I'm pretty sure this is the camper I want for the lot in Sargent. Do any of y'all have any experience with Coachmen Catalina's?

http://www.seguinrv.com/2014-Coachmen-Catalina-303FQB-Bunkhouse-Seguin-Texas-78155/4832619

I've looked at about a LOT of campers for about a year. Used, new, fifth wheels and bumper pulls. It's the best layout that I found for my needs and it has a bathroom with plenty of room, which has been a priority for me.


----------



## glampers (May 29, 2013)

Looks like a nice bunkhouse. I don't have any exp with Coachmen sorry.


----------



## pipeliner345 (Mar 15, 2010)

They are all made the same. It's a trailer. I've lived in one for over 20 years now all over the U.S. Low end, mid range , and high end models. Some have more insulating then others. Some have more amenities. But they all have the same basic appliances which is where most of all your problems will come from regardless of price or model. Find the layout you want, take care of it and enjoy. 
And buy new. Don't buy somebody else's problems. 
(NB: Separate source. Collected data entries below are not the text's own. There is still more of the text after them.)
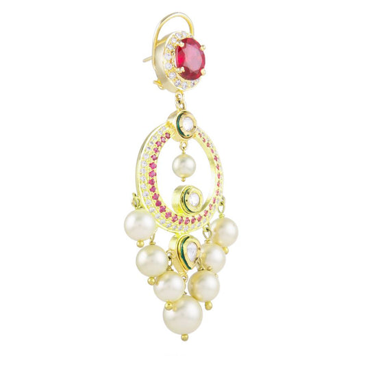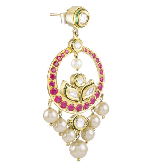 Audrey gold kundan and pearls ruby and zircon earrings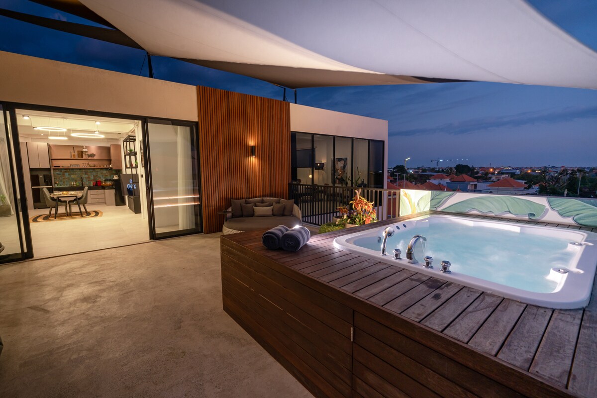 20 Suites Umalas ist ein moderner Komplex in der ruhigen Gegend von Umalas, strategisch gelegen zwischen Seminyak und Canggu für einen einfachen Zugang zu Balis besten Orten. Es verfügt über 16 Suiten mit einem Schlafzimmer und 4 Suiten mit zwei Schlafzimmern, jeweils mit einem privaten Wohnzimmer, Küchenbereich, Schlafzimmer, Safe und schnellem WLAN. Die Gäste genießen einen Gemeinschaftspool, Sonnenliegen, eine geräumige Garage, tägliche Reinigung, 24-Stunden-Sicherheitsdienst und Rezeptionsservice. Dies macht es zu einer idealen Wahl für einen erholsamen oder längeren Aufenthalt auf Bali.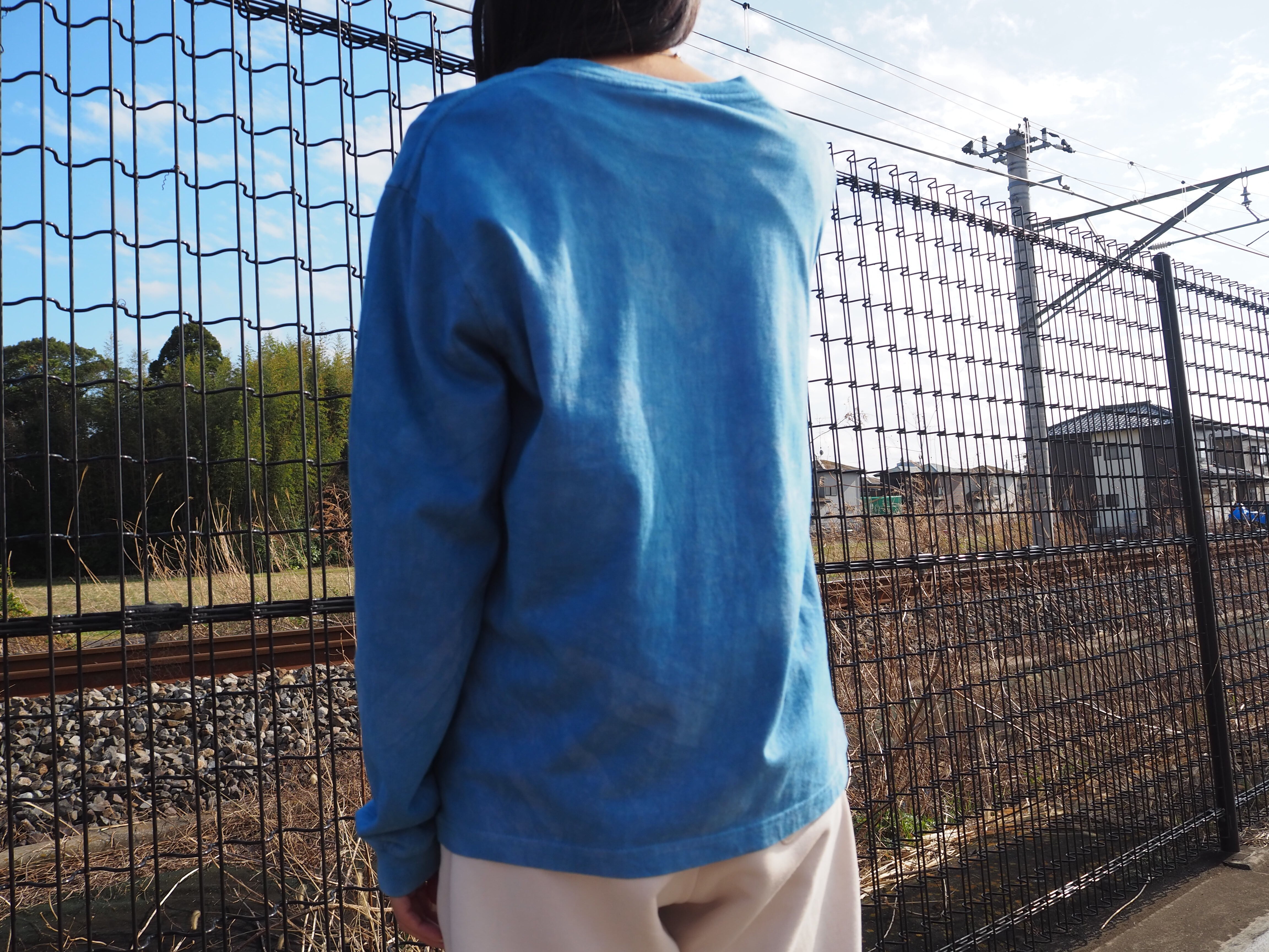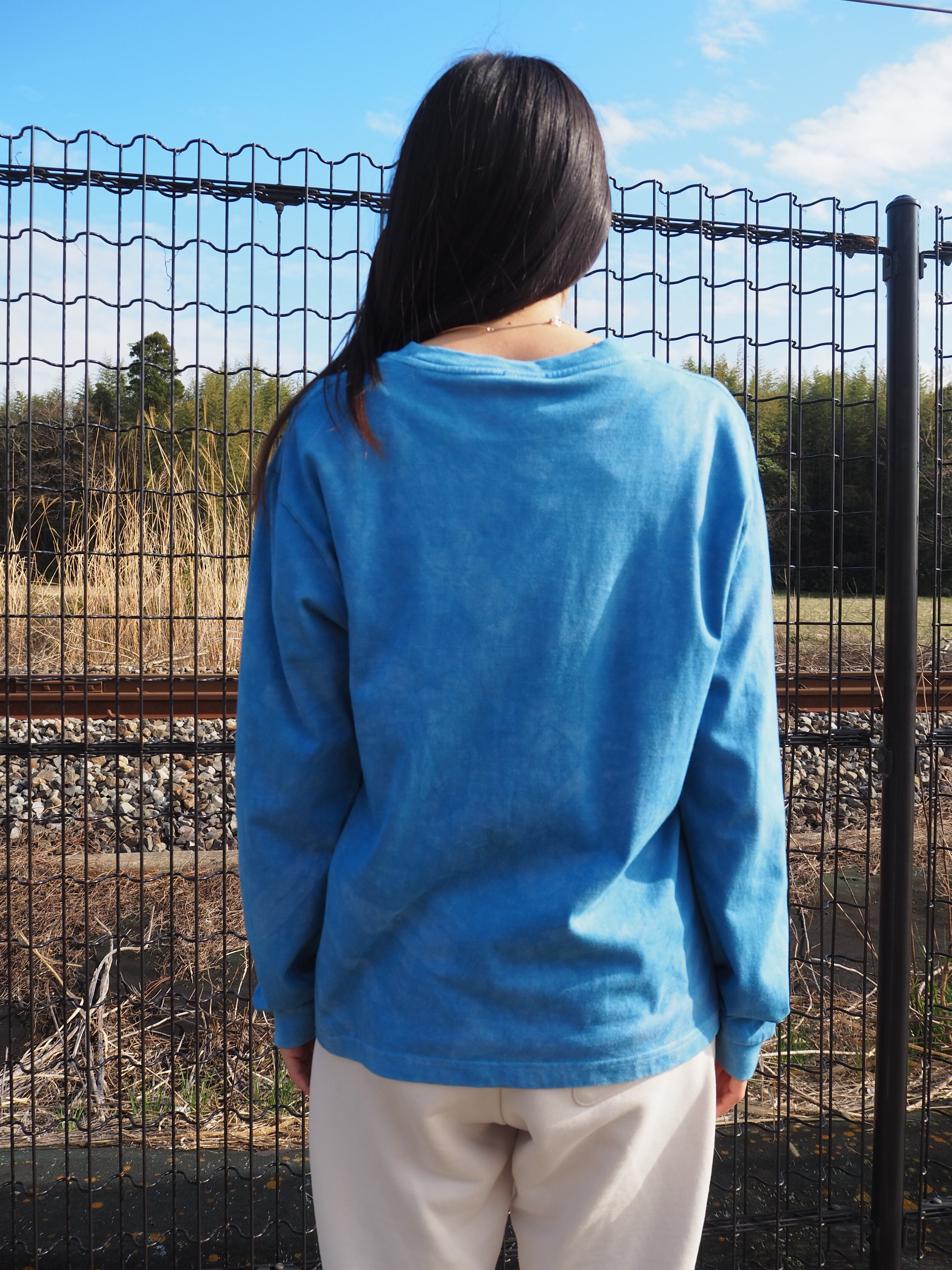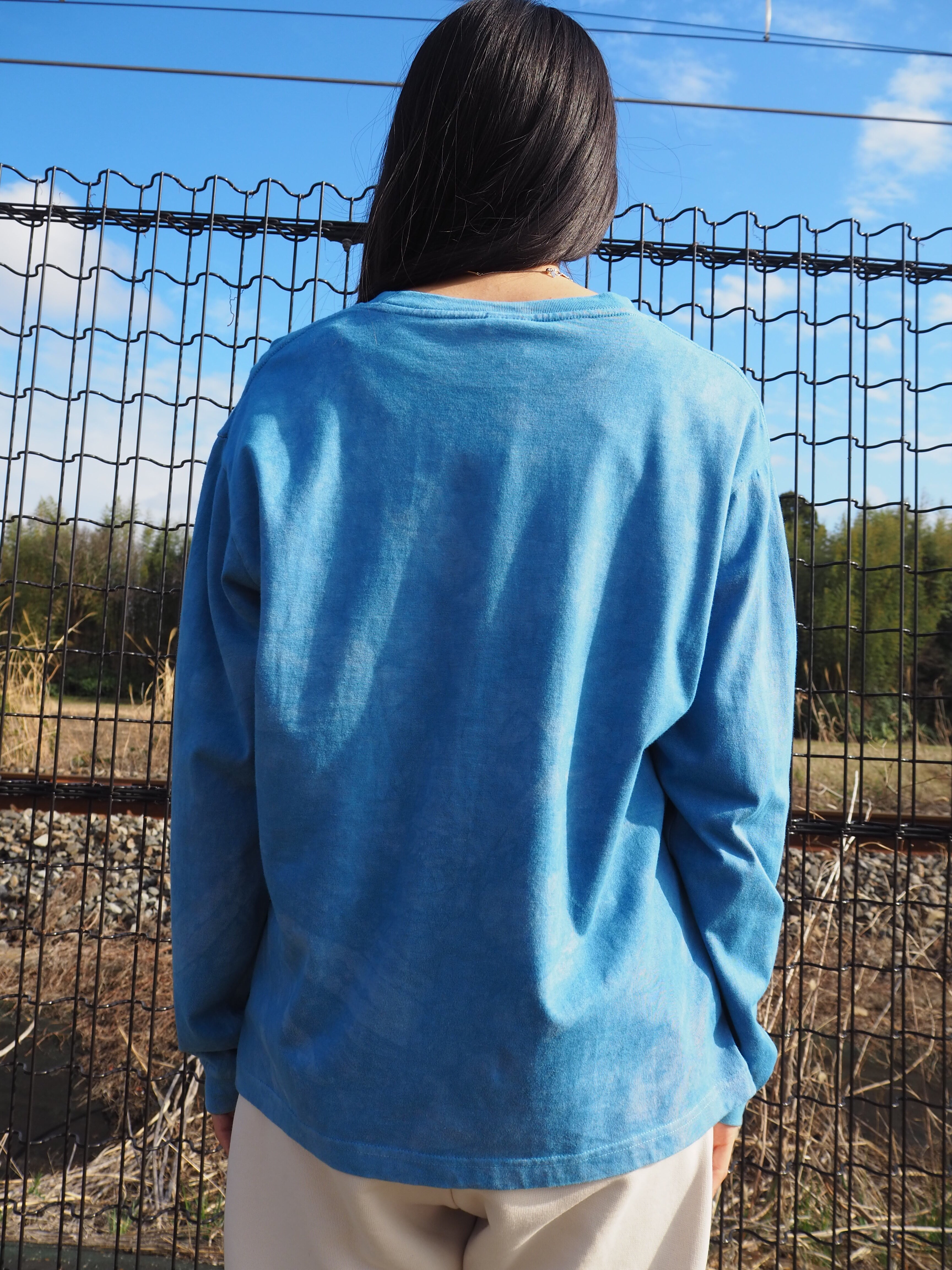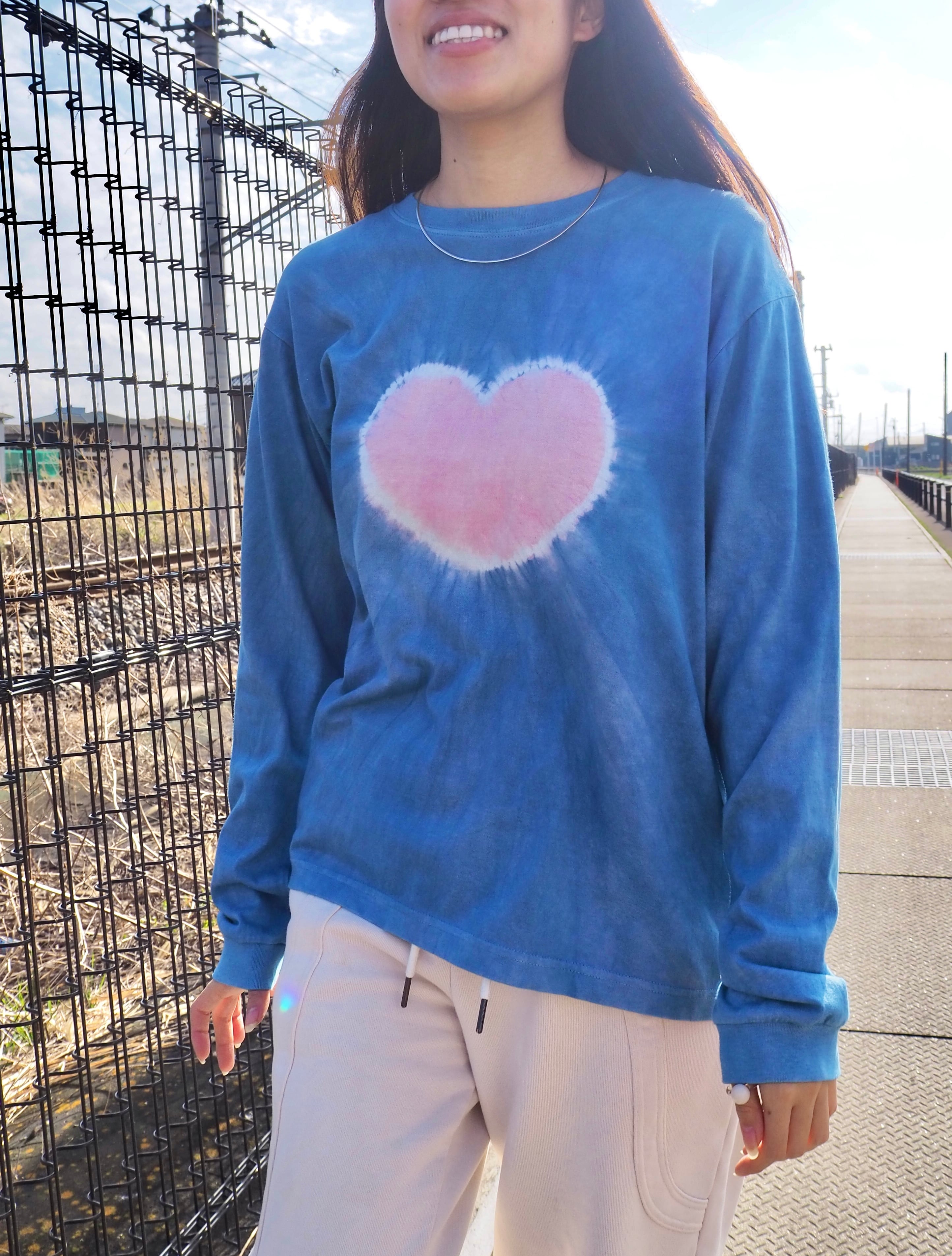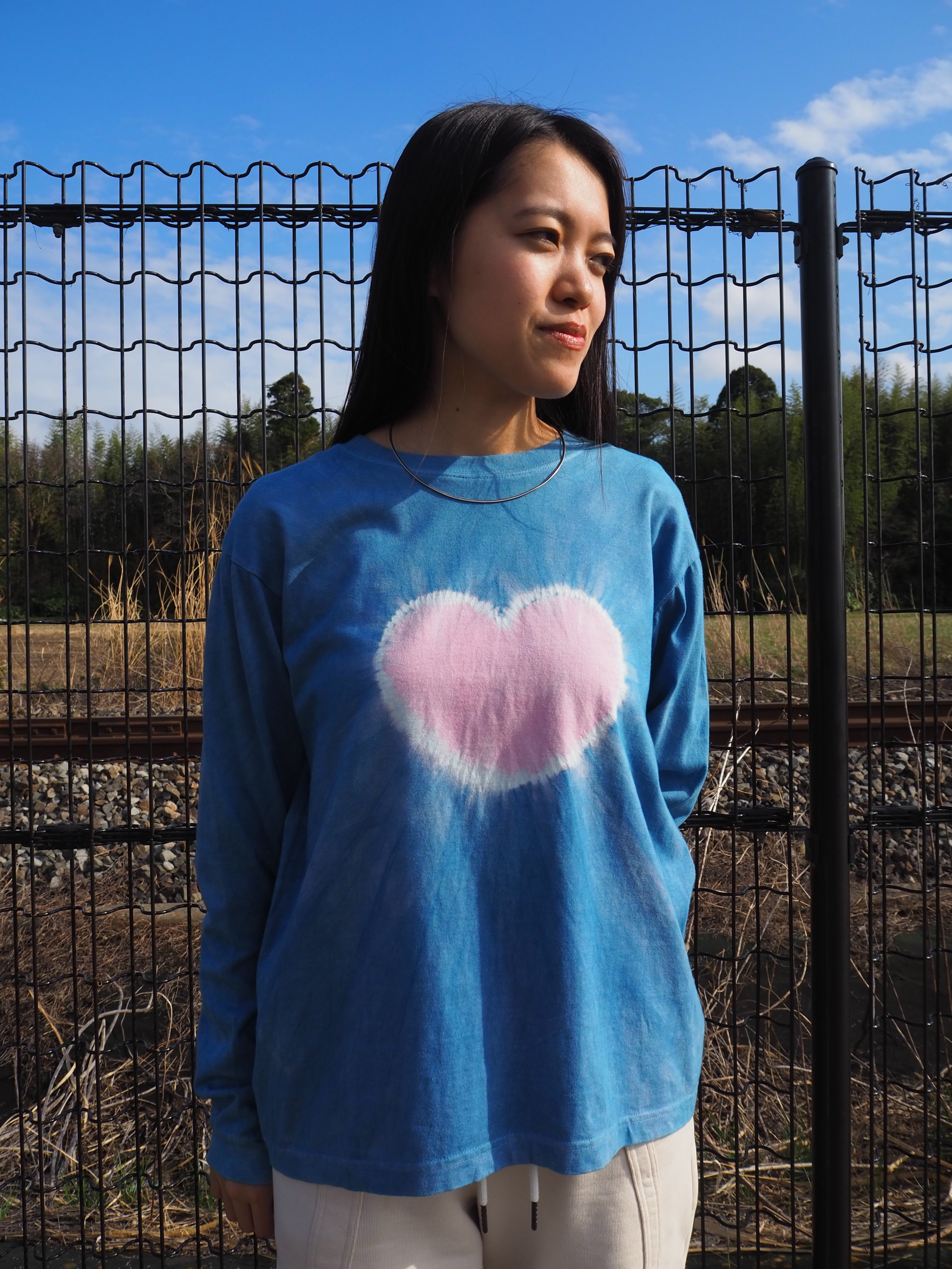 藍とコチニール染めハート絞りのオーガニックコットンロンT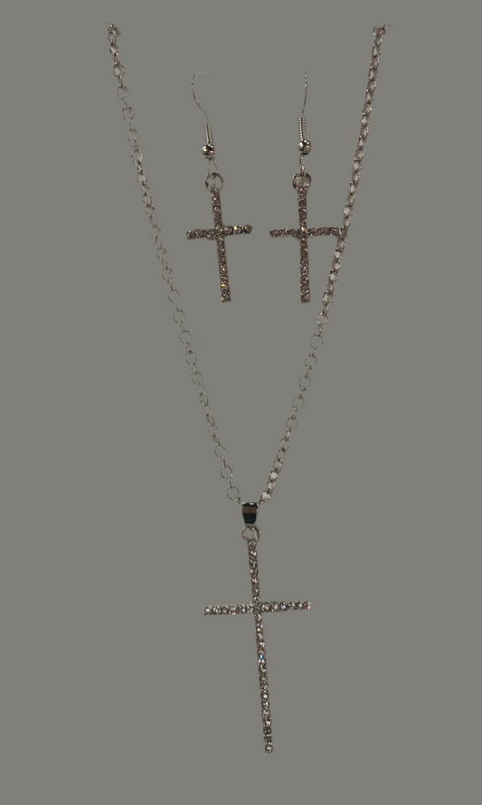 Aretes y collar de cruz set - Bling Bling

Sent from my SCH-I605 using Tapatalk


----------



## gman1772 (Jul 15, 2012)

pipeliner345 said:


> They are all made the same. It's a trailer. I've lived in one for over 20 years now all over the U.S. Low end, mid range , and high end models. Some have more insulating then others. Some have more amenities. But they all have the same basic appliances which is where most of all your problems will come from regardless of price or model. Find the layout you want, take care of it and enjoy.
> And buy new. Don't buy somebody else's problems.
> 
> Sent from my SCH-I605 using Tapatalk


 Appreciate the advice. And it's the exact same thing I've been told by everybody I know that lives in one on a semi-permanent basis. That and put a roof over it if you can.


----------